* _WHAT TO DO_
Below are some records. Return exactly their lines from the one containing "フリルカラーが印象的でありながら甘くなりすぎずモードな雰囲気のシャツ。" through the one containing "This application, developed", and drop the pictures.

* _AVAILABLE DATA_
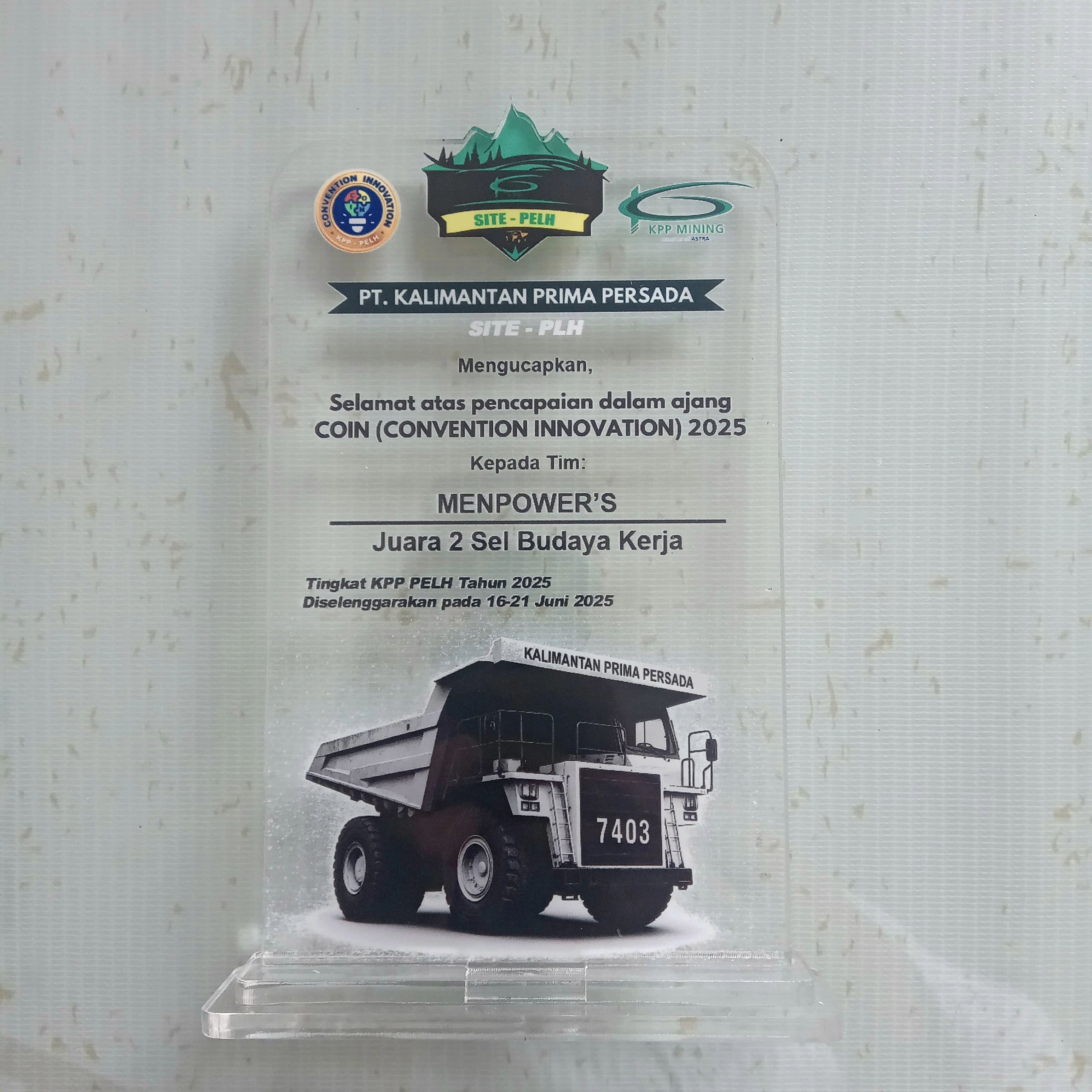 An exclusive acrylic plaque designed as a symbol of appreciation for the team's achievements in the COIN (Convention Innovation) 2025 event. This plaque is made of high-quality clear acrylic material, giving a modern, professional, and elegant impression. The uniqueness of this plaque lies in the illustration of a large mining vehicle printed at the bottom, representing the mining industry as the company's main business field. This design strengthens the corporate identity while giving an exclusive impression to the award moment.
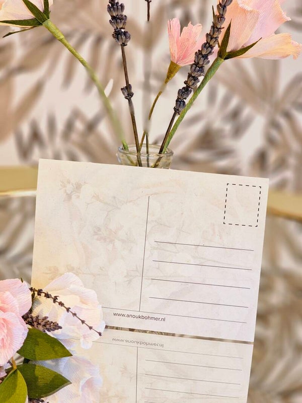 Super mooie ansichtkaarten met prints van mijn papieren bloemen. Een leuke set van 5 kaarten en geprint op mooi papier. Een leuk kado om te geven en te krijgen!
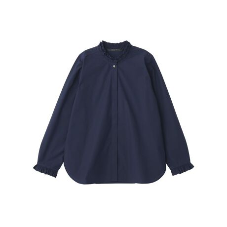 フリルカラーが印象的でありながら甘くなりすぎずモードな雰囲気のシャツ。
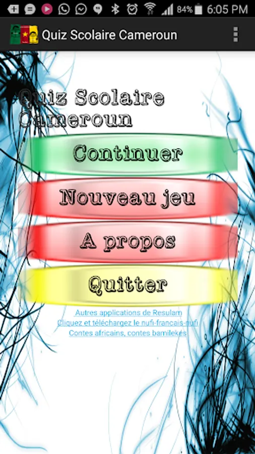 This application, developed by Resulam in collaboration with teachers and pedagogues of education in Cameroon, intended only to help you quickly review your school lessons. The application is split by class: SIL Preparatory Course (CP) Basic Course 1 (EC1) Basic Course 2 (CE2), Middle Course 1 (CM1), Middle Course 2 (CM2), currently. And later we will add the classes of High School and College.
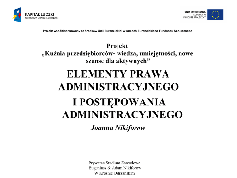 Projekt współfinansowany ze środków Unii Europejskiej w ramach Europejskiego Funduszu Społecznego Projekt „Kuźnia przedsiębiorców- wiedza, umiejętności, nowe szanse dla aktywnych” ELEMENTY PRAWA ADMINISTRACYJNEGO I POSTĘPOWANIA ADMINISTRACYJNEGO Joanna Nikiforow Prywatne Studium Zawodowe Eugeniusz & Adam Nikiforow W Krośnie Odrzańskim Projekt współfinansowany ze środków Unii Europejskiej w ramach Europejskiego Funduszu Społecznego Administracja publiczna - "służba społeczeństwu" łac. "administro" – kierować, zarządzać, służyć. Łac."publicus" - zbiorowy, społeczny, służący ogółowi (nie ma charakteru prywatnego) Prywatne Studium Zawodowe Eugeniusz & Adam Nikiforow W Krośnie Odrzańskim Projekt współfinansowany ze środków Unii Europejskiej w ramach Europejskiego Funduszu Społecznego Administracja publiczna jest to przejęte przez państwo i realizowane przez jego organy, a także przez organy samorządu terytorialnego zaspokajanie zbiorowych i indywidualnych potrzeb obywateli, wynikających ze współżycia ludzi w społecznościach. Stanowi całokształt struktur organizacyjnych w państwie oraz ludzi zatrudnionych w tych strukturach spełniających zadania publiczne, zbiorowe i indywidualne, reglamentacyjne i świadczące oraz organizatorskie podmiotów kierowniczych i decydenckich. Prywatne Studium Zawodowe Eugeniusz & Adam Nikiforow W Krośnie Odrzańskim Projekt współfinansowany ze środków Unii Europejskiej w ramach Europejskiego Funduszu Społecznego W latach 1950 -1990 nie posługiwano się pojęciem "administracja publiczna", które z przyczyn politycznych zastąpione zostało terminem "administracja państwowa", definiowanym jako: "system podmiotów utworzonych i wyposażonych przez ustawę w kompetencje do prowadzenia organizatorskiej i kierowniczej działalności na podstawie ustaw w kierunku wewnętrznym oraz zewnętrznych, przy czym zarówno przebieg, jak i skutki działalności zewnętrznej przypisywane są zawsze państwu jako takiemu." W 1990 r., po zmianie ustroju państwa, powrócono do pierwotnego terminu "administracja publiczna". Prywatne Studium Zawodowe Eugeniusz & Adam Nikiforow W Krośnie Odrzańskim Projekt współfinansowany ze środków Unii Europejskiej w ramach Europejskiego Funduszu Społecznego Administracja publiczna charakteryzuje się tym, iż posiada pewnie typowe cechy, które nie zawsze są stałe, ale występują regularnie. Przede wszystkim dba ona o ogólny interes społeczeństwa, uwzględniając przy tym słuszny interes strony i przysługującejemu prawa. Prywatne Studium Zawodowe Eugeniusz & Adam Nikiforow W Krośnie Odrzańskim Projekt współfinansowany ze środków Unii Europejskiej w ramach Europejskiego Funduszu Społecznego Polskie prawo administracyjne można podzielić na : 1.prawo ustrojowe określające ustrój administracji publicznej, 2.prawo materialne (dotyczy uprawnień i obowiązków, podzielone działowo ), 3.prawo procesowe, prawo regulujące kontrolę działalności administracji. Prywatne Studium Zawodowe Eugeniusz & Adam Nikiforow W Krośnie Odrzańskim Projekt współfinansowany ze środków Unii Europejskiej w ramach Europejskiego Funduszu Społecznego Źródła prawa administracyjnego – definicja i ich klasyfikacja - Zróżnicowane formy przekazywania norm prawnych, uznanych lub ustanowionych, m.in. dokumenty, teksty, różne nośniki informacji. Prywatne Studium Zawodowe Eugeniusz & Adam Nikiforow W Krośnie Odrzańskim Projekt współfinansowany ze środków Unii Europejskiej w ramach Europejskiego Funduszu Społecznego W Konstytucji z 1997 r. charakterystykę i rodzaje źródeł prawa polskiego umieszczono w rozdziale III ( art. 87 ust. 1 oraz ust. 2, art. 93 ). Ujęte są one w następujących grupach: 7. źródła prawa powszechnie obowiązującego na obszarze całego państwa, 2. źródła prawa powszechnie obowiązującego o ograniczonym zasięgu terytorialnym (prawo miejscowe), 3. źródła prawa wewnętrznego. Prywatne Studium Zawodowe Eugeniusz & Adam Nikiforow W Krośnie Odrzańskim Projekt współfinansowany ze środków Unii Europejskiej w ramach Europejskiego Funduszu Społecznego Prywatne Studium Zawodowe Eugeniusz & Adam Nikiforow W Krośnie Odrzańskim Projekt współfinansowany ze środków Unii Europejskiej w ramach Europejskiego Funduszu Społecznego AD.1 Źródłami prawa powszechnie obowiązującego są: - Konstytucja, - ustawy, - ratyfikowane umowy międzynarodowe, - rozporządzenia. Prywatne Studium Zawodowe Eugeniusz & Adam Nikiforow W Krośnie Odrzańskim Projekt współfinansowany ze środków Unii Europejskiej w ramach Europejskiego Funduszu Społecznego Do źródeł prawa powszechnie obowiązującego należą także następujące akty normatywne: 1.rozporządzenia z mocą ustawy wydawane przez Prezydenta RP w określonych konstytucyjnie przypadkach ( rozdział XI Konstytucji ), 2.umowy zawierane przez Radę Ministrów z kościołami i związkami wyznaniowymi, 3.regulaminy Sejmu i Senatu, 4.układy zbiorowe pracy. Prywatne Studium Zawodowe Eugeniusz & Adam Nikiforow W Krośnie Odrzańskim Projekt współfinansowany ze środków Unii Europejskiej w ramach Europejskiego Funduszu Społecznego AD.2 Źródłami prawa miejscowego ( o zasięgu ograniczonym terenowo ) są: - akty prawa miejscowego stanowione przez organy samorządu terytorialnego (uchwały organów kolegialnych Samorządu Terytorialnego), - akty prawa stanowione przez terenowe organy administracji rządowej Prywatne Studium Zawodowe Eugeniusz & Adam Nikiforow W Krośnie Odrzańskim Projekt współfinansowany ze środków Unii Europejskiej w ramach Europejskiego Funduszu Społecznego Rodzaje aktów prawa miejscowego 4.Statuty uchwalane są w drodze uchwał przez organy stanowiące danych jednostek samorządu terytorialnego 2. akty wydawane na podstawie upoważnień - akty wykonawcze Prywatne Studium Zawodowe Eugeniusz & Adam Nikiforow W Krośnie Odrzańskim Projekt współfinansowany 
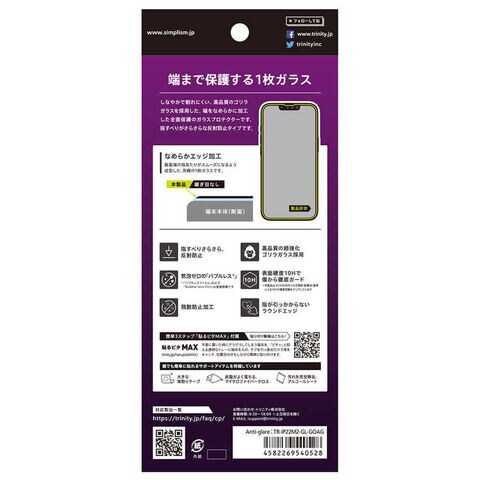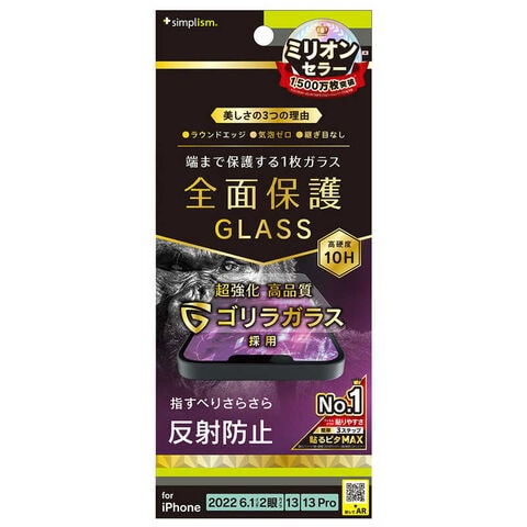 トリニティ iPhone 14 6.1インチ フルカバー 画面保護 ゴリラガラス 反射防止 [TRIP22M2GLGOAG] TR-IP22M2-GL-GOAG
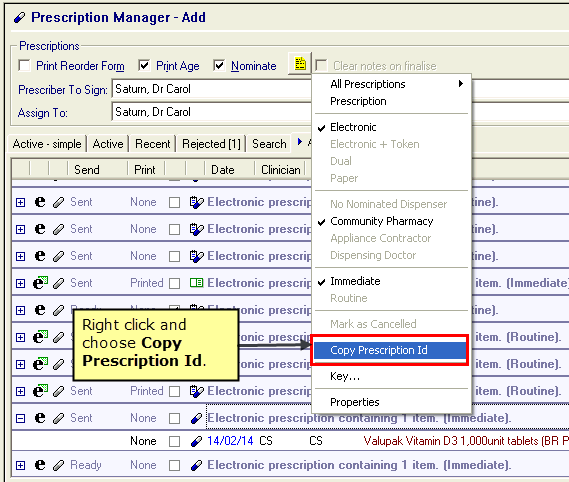 You can copy the prescription ID for electronically prescribed prescriptions from the All tab to the clipboard by right clicking on the item in the Prescription Manager screen. This is useful for tracking prescription messages.
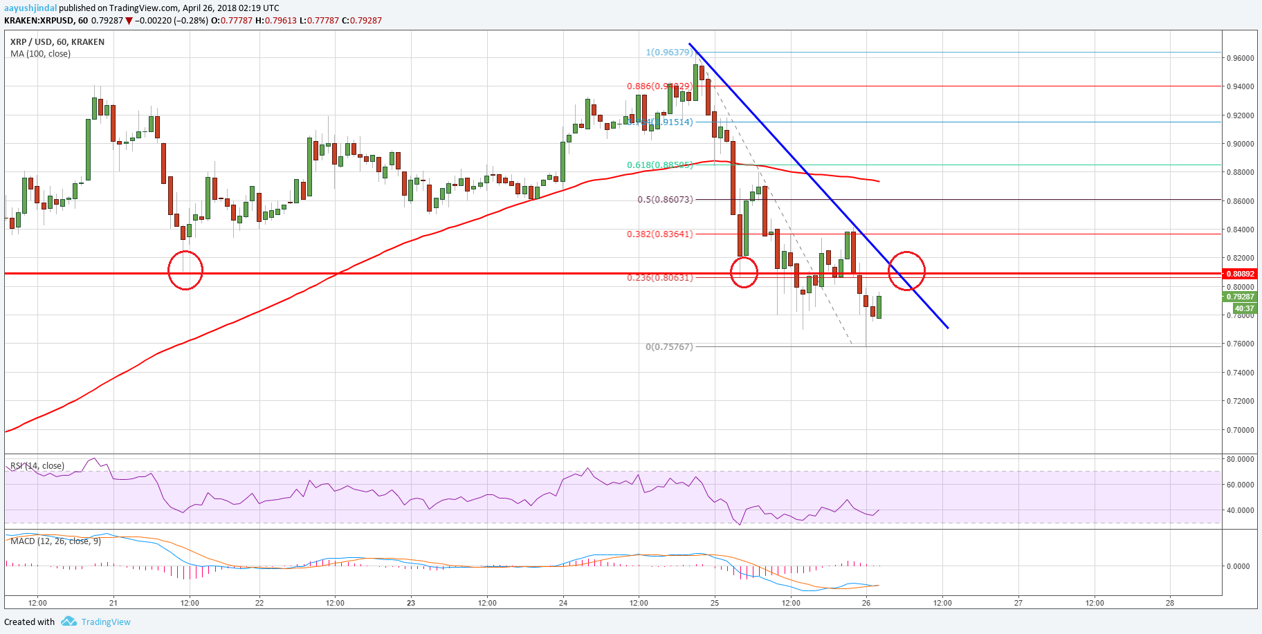 It is now trading well below $0.8400 and the 100 hourly simple moving average. It traded as low as $0.7576 recently and is currently consolidating losses. An initial resistance is near the 23.6% Fib retracement level of the last decline from the $0.9637 high to $0.7576 low. Moreover, there is a short-term connecting bearish trend line forming with resistance at $0.8080 on the hourly chart of the XRP/USD pair. A break above the trend line resistance at $0.8080 could open the doors for more gains. However, a proper break above $0.8150 is needed for a convincing move into a .
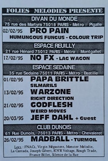 Flyer for Paris show February 02 1995

* _COMPLETED TASK_
 フリルカラーが印象的でありながら甘くなりすぎずモードな雰囲気のシャツ。
 This application, developed by Resulam in collaboration with teachers and pedagogues of education in Cameroon, intended only to help you quickly review your school lessons. The application is split by class: SIL Preparatory Course (CP) Basic Course 1 (EC1) Basic Course 2 (CE2), Middle Course 1 (CM1), Middle Course 2 (CM2), currently. And later we will add the classes of High School and College.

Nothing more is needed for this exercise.